- Opening Delimiter -

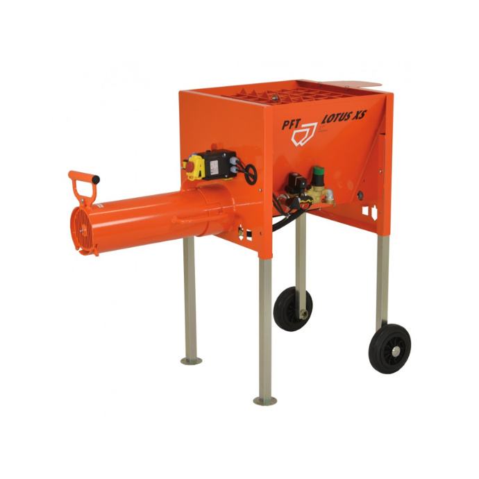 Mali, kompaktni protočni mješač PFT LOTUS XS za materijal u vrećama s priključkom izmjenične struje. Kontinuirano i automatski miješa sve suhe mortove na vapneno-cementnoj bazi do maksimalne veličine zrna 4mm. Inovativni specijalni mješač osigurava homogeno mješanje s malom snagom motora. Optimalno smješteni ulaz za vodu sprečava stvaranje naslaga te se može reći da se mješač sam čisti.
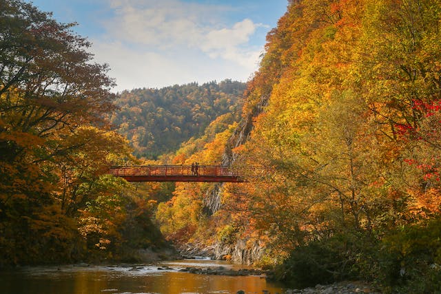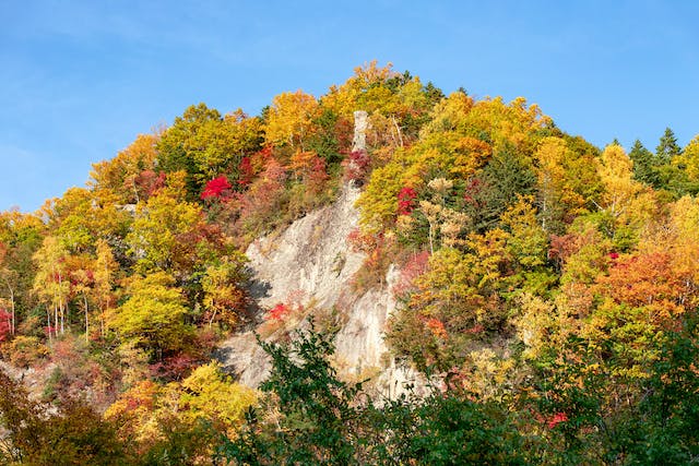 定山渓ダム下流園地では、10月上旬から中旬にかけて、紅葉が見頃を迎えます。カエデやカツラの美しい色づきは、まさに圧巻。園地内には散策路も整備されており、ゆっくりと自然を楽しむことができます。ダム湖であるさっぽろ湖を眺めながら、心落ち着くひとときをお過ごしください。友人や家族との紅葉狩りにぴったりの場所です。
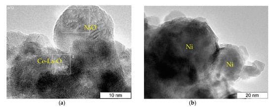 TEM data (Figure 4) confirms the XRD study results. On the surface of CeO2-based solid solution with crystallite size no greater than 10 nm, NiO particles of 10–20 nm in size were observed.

- Closing Delimiter -

Copy out, with no pictures, the lines from the one containing "定山渓ダム下流園地では、10" through the last line of the data above, both ends included and each word unchanged.

 定山渓ダム下流園地では、10月上旬から中旬にかけて、紅葉が見頃を迎えます。カエデやカツラの美しい色づきは、まさに圧巻。園地内には散策路も整備されており、ゆっくりと自然を楽しむことができます。ダム湖であるさっぽろ湖を眺めながら、心落ち着くひとときをお過ごしください。友人や家族との紅葉狩りにぴったりの場所です。
 TEM data (Figure 4) confirms the XRD study results. On the surface of CeO2-based solid solution with crystallite size no greater than 10 nm, NiO particles of 10–20 nm in size were observed.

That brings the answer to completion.